A pesar de estar enfermo, a pesar de saber que pagaría las consecuencias, al final agarró un disfraz y se echó a la calle, con tal de verla. No habían vuelto a cruzar palabra desde el amago de conversación de dos días antes, tenía que cerciorarse de si realmente había llegado el momento o no.
Y por desgracia, fue que sí. Salvo un par de miradas «de las de antes» y un fugaz momento en se cogieron de la mano, Ella estuvo especialmente distante y ausente en el lunes de carnaval más opuesto al del año anterior que nadie pudiera imaginar.
Así que ya estaba claro del todo: no iba a seguir fantaseando con risottos, tartas de queso, tequilas, o fines de semana de juerga en el pueblo; ni siquiera se iba a dejar llevar pensando en contar los puntos de su cicatriz en la ingle, porque por mucho que Ella le quisiera «a su modo», por mucho que le dijese que se merecía un mundo entero, en el mundo que él anhelaba Ella no quería estar.
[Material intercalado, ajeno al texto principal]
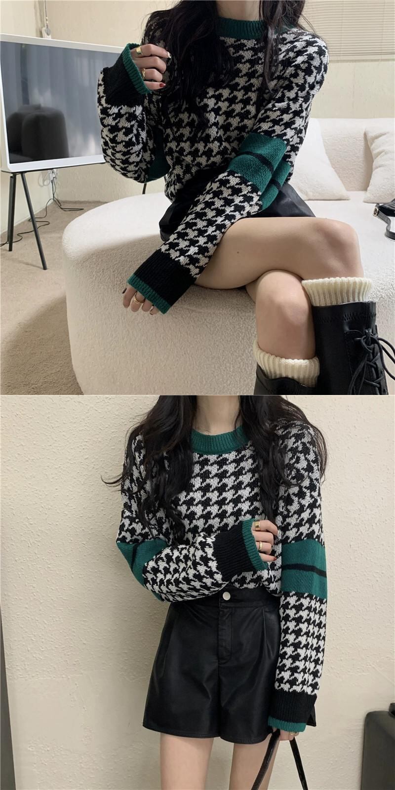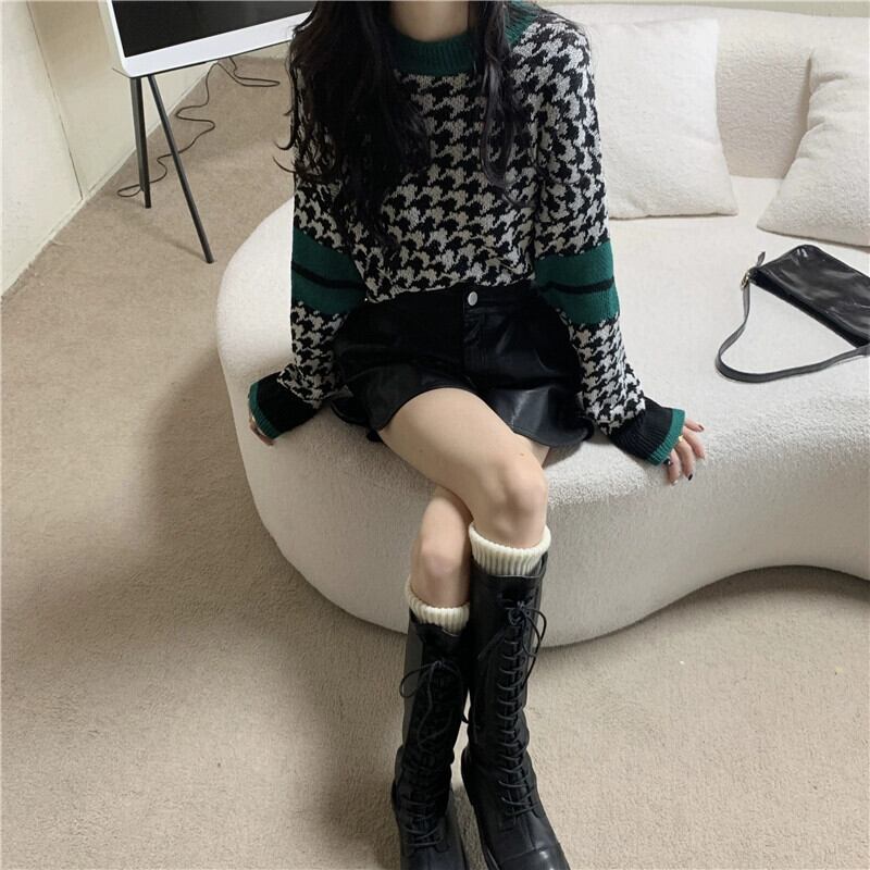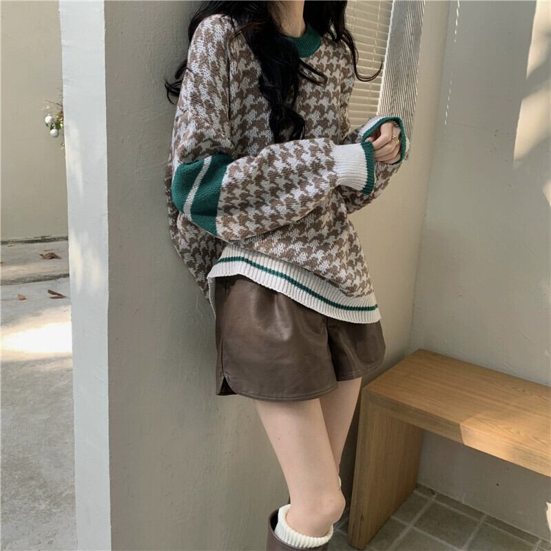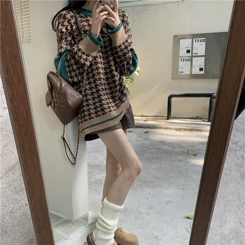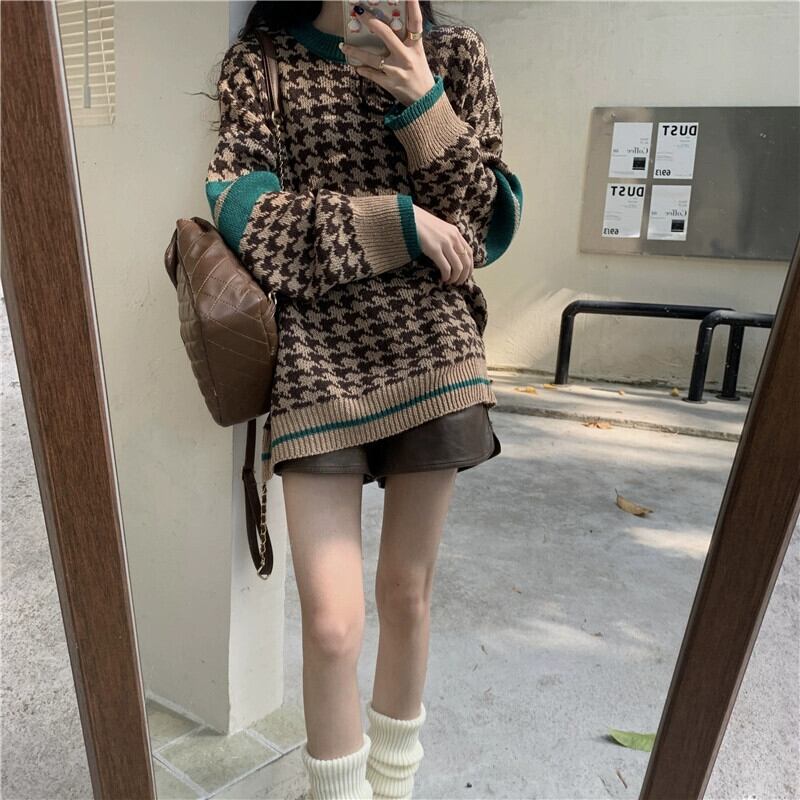 レトロソフトワックス状千鳥格子セーター女性秋と冬 2023 新しいルーズアウターウェア怠惰なスタイルプルオーバー長袖セーター ロング オータム 秋物 ウィンター 冬物 7460026134895309 | framboise21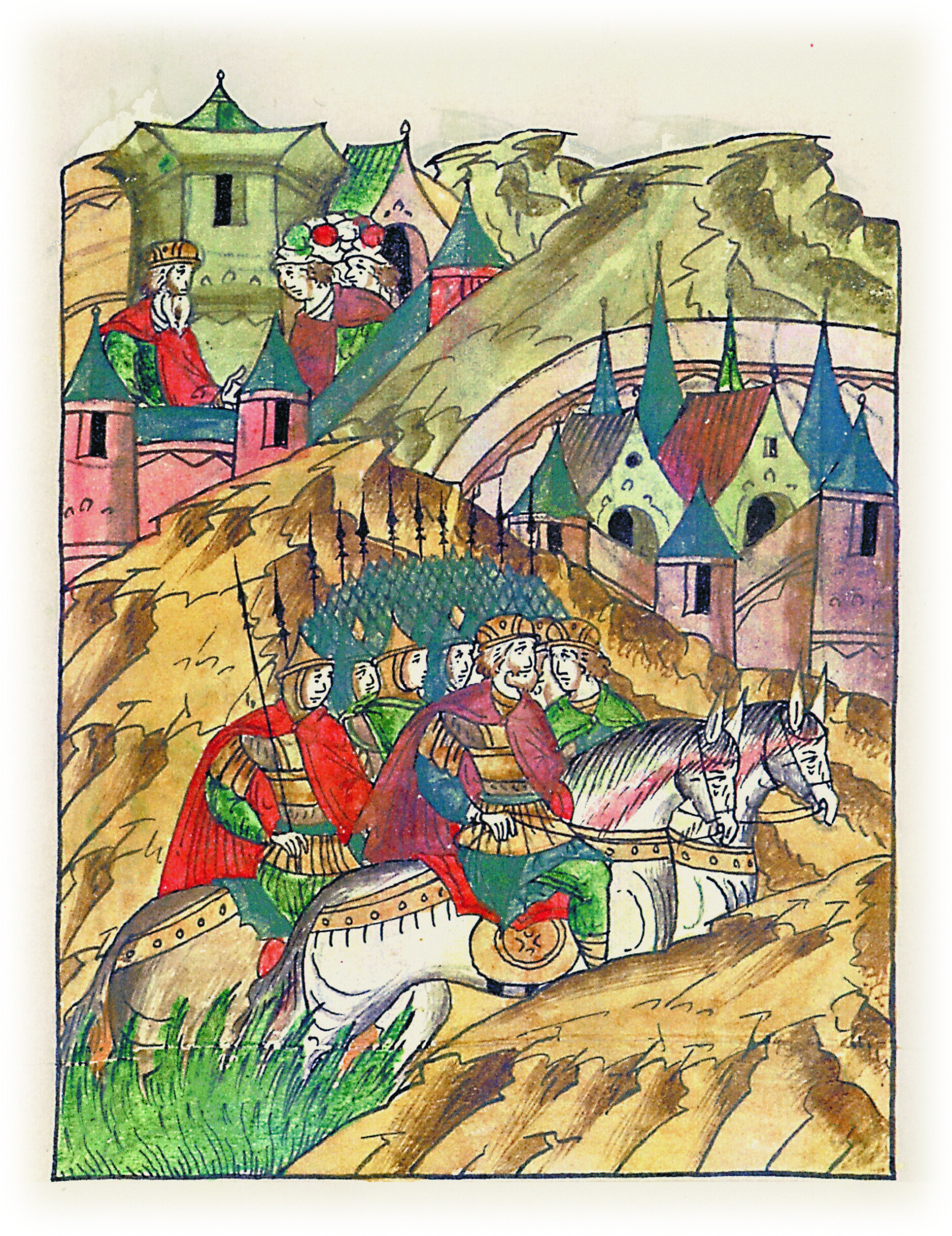 И услышав это, отец его, Изяслав Мстиславич, князь великий Киевский, пошел на князя Юрия Долгорукого к Городку, а с ним князь великий Черниговский Изяслав Давидович, и князь Святослав Всеволодович, и воевода с силою Святослава Олеговича и берендеями; и пришли к Городку.

No había más.
Por tanto, en un Martes de carnaval con demasiado sabor a domingo, entre pastillas para bajar la fiebre y combatir la resaca, él dio el paso definitivo para cumplir su propósito de año nuevo y giró su timón en dirección opuesta a Ella, rezando para que los vientos le echasen una mano en vez de tocarle remar contracorriente, como siempre. Se permitió un último momento de amarla sin medida escuchando la canción que tanto les representaba, y mientras se secaba las lágrimas que rodaban por su cara y su corazón gritaba de dolor, comenzó a levantar el muro de silencio y distancia con Ella que necesitaba para sobreponerse de una maldita vez, sepultando la ingenua y vana esperanza de que Ella le llamaría o escribiría diciendo que le echaba de menos, que no podía perderle, que necesitaba un último say when. Aquella absurda esperanza a la que se había aferrado desesperadamente desde el 14 de mayo anterior.
Y ya estaba todo. Aparte de impotencia, tristeza infinita y amarga resignación, no quedaba nada más que hacer, nada más que decir, nada más que escribir.